Utilizzando la tecnologia innovativa 4f-SAMMY-seq, sviluppata anch'essa nell'ambito di una collaborazione di lungo termine tra gli istituti, i ricercatori, in collaborazione con gli urologi Giancarlo Albo e Manuele Montanari del Policlinico di Milano, hanno analizzato campioni bioptici prelevati alla diagnosi. Il metodo ha rivelato che i campioni di controllo mostrano un'organizzazione conservata della cromatina, mentre i campioni tumorali presentano alterazioni specifiche per ogni paziente.
“Analizzando l'organizzazione della cromatina dei tumori – illustra Francesco Ferrari, Direttore del laboratorio di Genomica Computazionale di IFOM e ricercatore del CNR – sono stati identificati due sottotipi distinti. Uno è caratterizzato da un basso grado di riorganizzazione della cromatina, mentre l'altro mostra un elevato riassetto del genoma. Successivamente, integrando tecniche di biochimica, biologia molecolare e bioinformatica, è emerso un paradosso inaspettato: il sottotipo con alterazioni più estese nell'organizzazione del genoma è associato a una prognosi più favorevole”.
“Abbiamo deciso – prosegue Chiara Lanzuolo – di mettere a confronto i due sottotipi tumorali per identificare una firma molecolare in grado di predire il decorso clinico dei pazienti. La firma individuata consiste di 18 geni e può rappresentare uno strumento concreto per la stratificazione del rischio. Abbiamo validato tale firma con i dati, contenuti in database internazionali e relativi a oltre 900 pazienti, confermando la solidità del nostro approccio”.
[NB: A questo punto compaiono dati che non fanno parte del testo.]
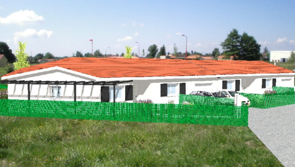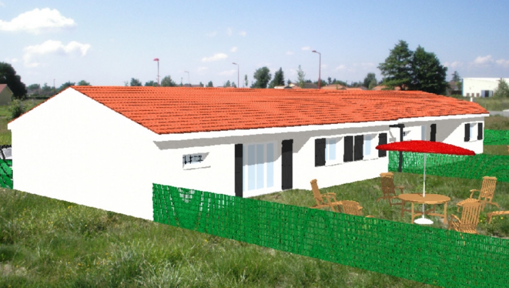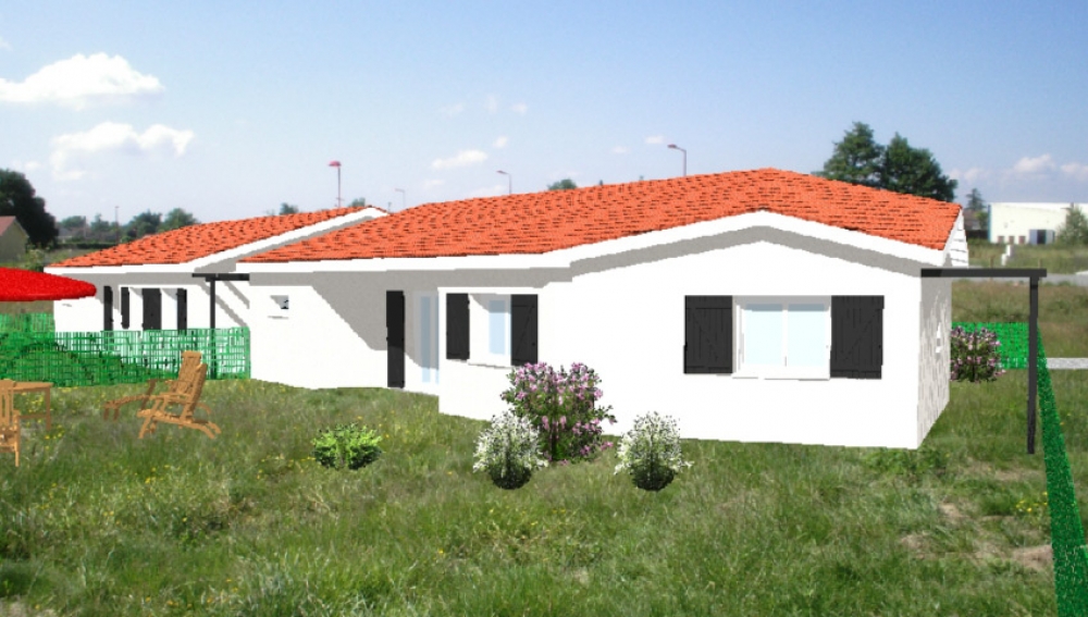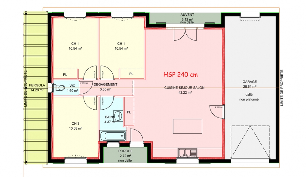 Maison de plain pied avec 3 chambres, une cuisine ouverte sur un grand séjour, un porche, une terrasse, un garage et une pergola.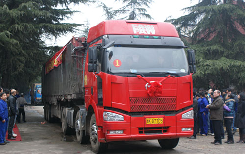 在欢快的音乐声和响亮的鞭炮声中,十几车辆井然有序开出厂门使往目的地。

“Questo studio – sottolineano Francesco Ferrari e Chiara Lanzuolo – è stato possibile grazie a una collaborazione di lungo corso tra i nostri gruppi di ricerca, e grazie alle sinergie stabilite tra i nostri istituti. Questo ha consentito di costituire un team realmente interdisciplinare di ricercatori che hanno costruito nel tempo i tasselli di conoscenza necessari a raggiungere questo risultato”.
Oltre a distinguere i tumori a basso rischio da quelli aggressivi, i risultati hanno anche evidenziato differenze nell’attività di geni chiave per la crescita tumorale.
“Questi risultati – riflettono Chiara Lanzuolo e Francesco Ferrari – aprono prospettive concrete per la medicina di precisione nel tumore prostatico. Se validata in ulteriori studi preclinici e clinici con i pazienti, la firma molecolare identificata potrebbe essere implementata nella pratica clinica. Potrebbe così aiutare urologi e oncologi a distinguere già alla diagnosi i tumori a basso rischio da quelli destinati a progredire, guidando decisioni terapeutiche sempre più precise e mirate e riducendo il rischio di sovra-trattamento. Le prossime ricerche si concentreranno sui pazienti già sottoposti a trattamenti farmacologici, con l’obiettivo di identificare chi può beneficiare maggiormente delle terapie disponibili e portare, potenzialmente, all'implementazione di questo test diagnostico nella pratica clinica”.
“Ci teniamo – concludono gli scienziati – a ringraziare Fondazione AIRC, senza il cui sostegno non sarebbe stato possibile questo studio, che rappresenta un esempio concreto di come la ricerca italiana possa contribuire al progresso della medicina di precisione. Ringraziamo anche i giovani ricercatori e ricercatrici come Valentina Rosti, Giovanni Lembo e Cristiano Petrini, che hanno avuto un ruolo cruciale nel garantire il successo dello studio”.
“Prendere parte a questa ricerca – afferma Valentina Rosti, borsista del CNR e autrice co-corresponding dell’articolo – è stato per me un vero percorso di crescita: lavorare fianco a fianco con medici e bioinformatici in un progetto così interdisciplinare e contribuire a una ricerca che può avere un impatto concreto sulla vita dei pazienti è stato profondamente motivante”.